Böylece davalı şirket ortağı tarafından, ortaklık süresince şirkete ait 104.951,00 TL nın zimmetine geçirildiği vakıasının ceza mahkemesi kararı ile kesin şekilde tespit edildiği ve taraflar yönünden kesin delil teşkil ettiği, davalının haksız şekilde davacı şirkete ait 104.951,00 TL nı elde ettiği vakıasının mahkememiz yönünden de bağlayıcı olduğu, ceza kararından sonra bu vakıanın gerçek olmadığı hususunun davalı tarafından kesin şekilde ispatlanamadığı, aksine ceza mahkumiyet kararına karşı itiraz ve yeniden yargılanma taleplerinin reddedildiği anlaşıldığından, haklı görülen davanın kabulüne karar vermek gerekmiştir.
Bu kabul çerçevesinde, 07/04/2020 tarihli celsede verilen 1 ve 2 nolu ara kararları ile: Ceza yargılamasına konu edilen vakıalarla ilgili olarak 16/09/2020 muhabere tarihli dilekçenin 2 ila 7.bendlerinde belirtilen banka ekstreleri, defter, makbuz vs. hususların incelenmesine gerek görülmemiştir. Keza, HMK hükümlerine uygun, tahkikat ve savunmaya elverişli olacak şekilde ileri sürülmeyen ve harçlandırılmayan -cevap dilekçesinde yer alan- davalı taleplerinin (resmi defter ve belgelerin yasaya aykırı tanziminden kaynaklı ortak olduğu dönem itibariyle tüm kayıtların tazmini, 42.330,00 TL tutarın tahsili, manevi tazminata hükmedilmesi gibi) bu dosyada incelenmesine yer olmadığı, davalının bu hususlarda ayrı bir dava açmakta muhtariyeti cihetine gidilmiştir.

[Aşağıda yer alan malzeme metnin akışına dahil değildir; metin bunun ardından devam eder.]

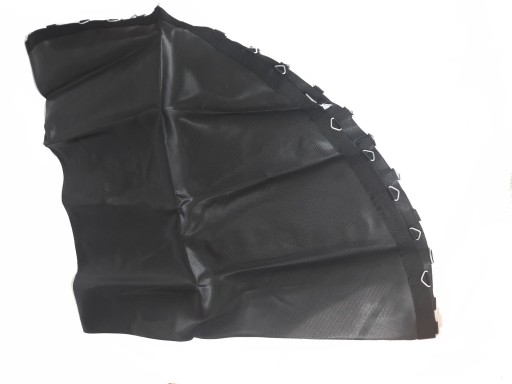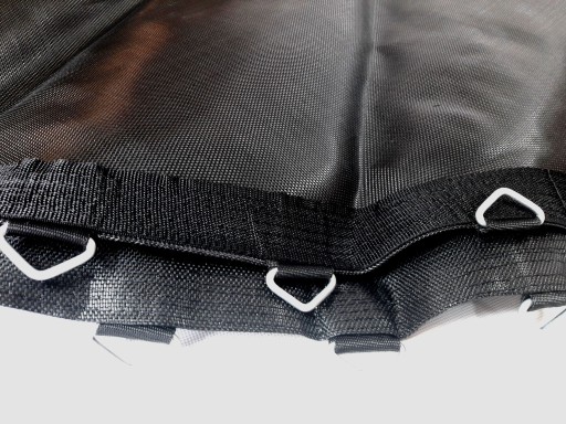 Килимок має діаметр близько 400 см. Килимок виготовлено з поліпропіленової тканини, виготовленої за ліцензією США (вага 280 г/кв. м), стійкої до несприятливих погодних умов і сонячного випромінювання. Через 10 років він чорний як новий. Зроблено естетично та ідеально. Багатократно проклеєний посилений шов. Міцність: 150 кг. Якщо пружини 17 - 19 см (з гачками), то мат точно підійде. ПРИМІТКА: встановлюйте новий килимок, спочатку встановлюючи кожну 4-ту пружину. Потім заповнюємо решту.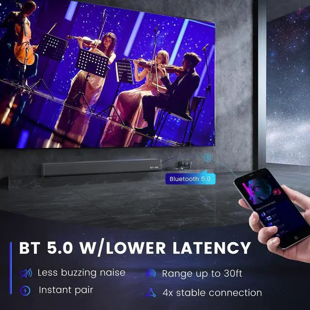 Dialogue Enhancement Technology- BESTISAN SE05P home audio sound bars with Dialogue enhancement Technology can make every word and detail stand out. With less than 1% total harmonic distortion provding the sound reproduction better than most products on the market to let you hear every music notes beating on each music performance and not miss nothing on each dialogue.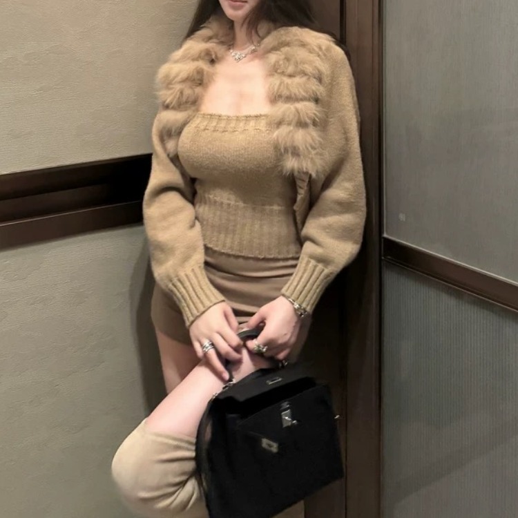 FA48346# 毛针织衫外套抹胸新款套装短款秋冬小个子穿搭时尚气质两件套 服裝批發女裝批發服飾貨源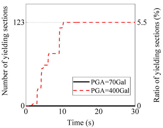 Number and ratio of yielding elements time history curves under the three loading cases.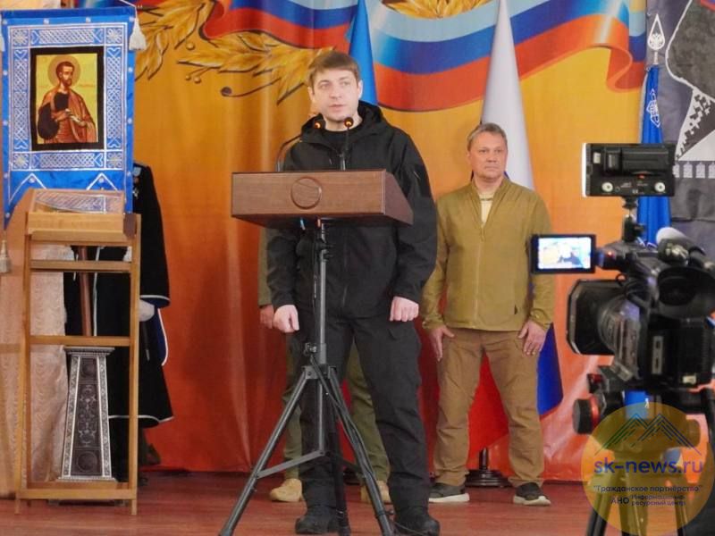 Атаман Всероссийского казачьего общества Виталий Кузнецов отметил, что сегодня в бригаде семь казачьих подразделений, среди них есть интернациональный батальон «Каспий». Он пожелаю всем общей победы, а братьям-казакам вернуться живыми и здоровыми.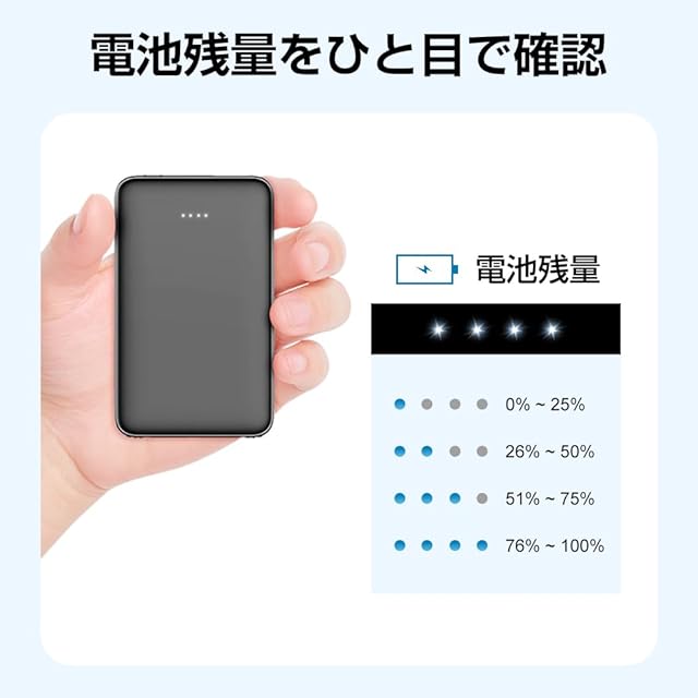 【PSE認証済・安全】pse認証済み、デバイスを安全に保ち、充電をより安全かつ効率的にします。内部は過充電、過電圧保護、温度保護など優れた機能を搭載し、充電によって生じる恐れのある放熱や発熱といった症状からお客様とお使いの機器を保護します。セキュリティとパフォーマンスの両面において完璧に検証されています。コンパクトなサイズと適切な容量であり、機内に持ち込んでも問題ありません。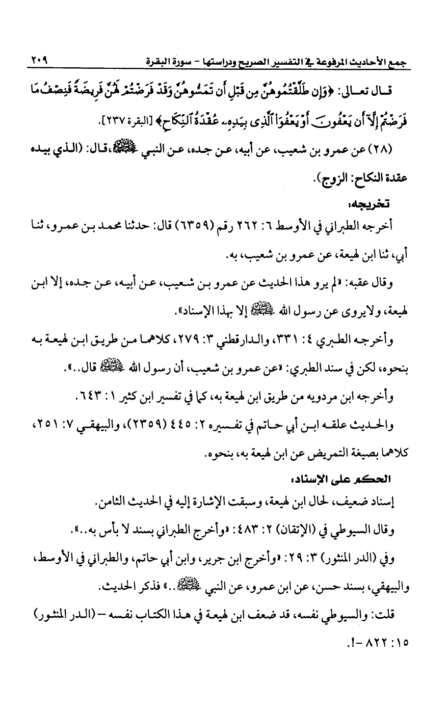 وفي (الدر المنثور) 3: 29: "وأخرج ابن جرير، وابن أبي حاتم، والطبراني في الأوسط، والبيهقي، بسند حسن، عن ابن عمرو، عن النبي -صلى الله عليه وسلم- .. " فذكر الحديث.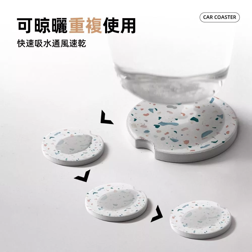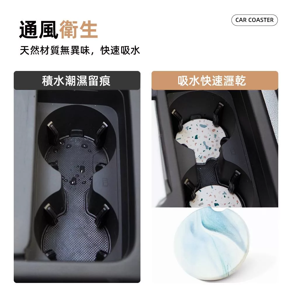 選用天然珪藻土製成,表面微孔可瞬間吸收飲料杯底凝結水珠,防止杯架內積水與異味。直徑 6.5cm 符合多數汽車杯架底部尺寸,並設有缺口方便拆卸清洗。兩片同色組合,讓車內風格一致,隨時保持整潔與乾爽。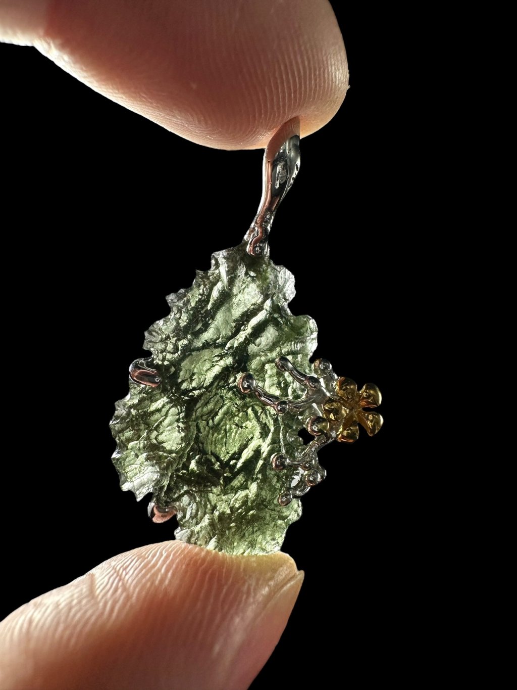 Silber Moldavit Anhänger mit vergoldeten Elementen 4,8g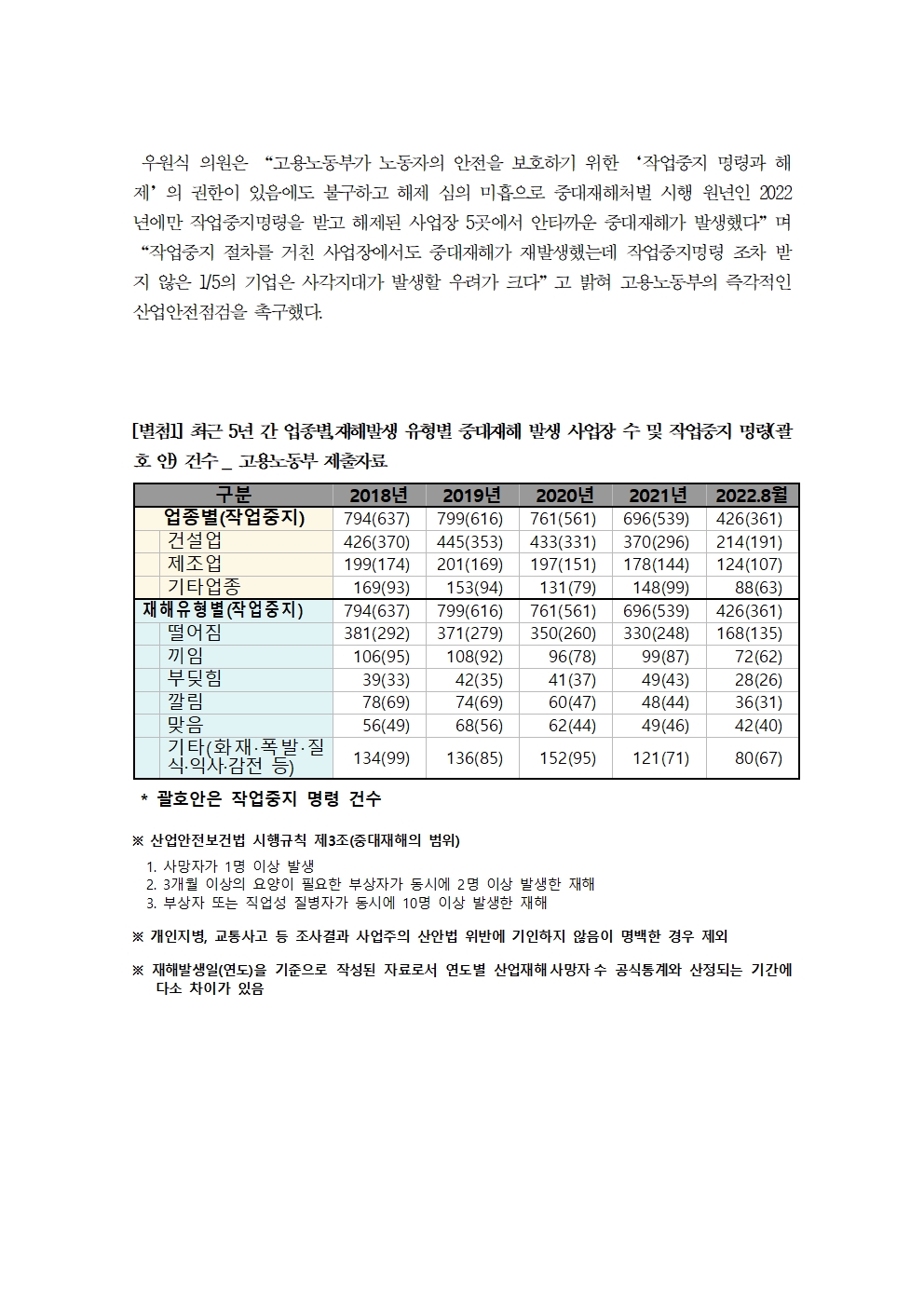 [우원식 의원 보도자료] 고용노동부, 최근 5년 간 발생한 중대재해 사업장 중 1/5는 작업중지명령 조차 시행 안해

Yine dosya içeriğine ve olayın özelliklerine, dava ile doğrudan ilgisi bulunmamasına göre, dava dışı …hakkındaki beraat kararı ile ilgili dava dosyasının celbine gerek görülmemiştir.
Bu açıklamalar ışığında aşağıdaki şekilde hüküm tesis edilmiştir.

HÜKÜM :
Yukarıda açıklanan nedenlere, kararın dayandığı yasal gerekçeye, dosyadaki delillere ve heyetin taktirine göre:
I-Davanın KABULÜNE,
104.951,00 TL’nin dava tarihi 12/08/2013 tarihinden itibaren işleyecek yasal faizi ile birlikte davalıdan alınarak davacıya verilmesine,
II-Alınması gerekli 7.169,20 TL ilam harcından 1.792,35 TL peşin harcın mahsubu ile bakiye 5.376,85 TL karar harcının davalıdan tahsili ile Hazineye gelir kaydına,
III-Davacı tarafından sarfedilen 1.820,40 TL peşin harçlar, 142,50 TL tebliğ ve yazı gideri olmak üzere toplam 1.962,90 TL yargılama gideri ile A.A.Ü.T.’ne göre belirlenen 13.920,35 TL vekalet ücretinin davalıdan alınarak davacıya verilmesine,
IV-Sarf edilmemiş gider avansının bulunması halinde kararın kesinleşmesinden sonra yatıran taraflara iadesine,
Kararın tebliğinden itibaren 2 hafta içinde istinaf yolu açık olmak üzere davacı vekilinin ve davalının yüzlerine karşı oybirliği ile verilen karar açıkça okunup, anlatıldı. 07/04/2021

Başkan …

Üye …

Üye …

Katip …

Bu döküman 5070 Sayılı Kanun gereğince elektronik imza ile imzalanmıştır.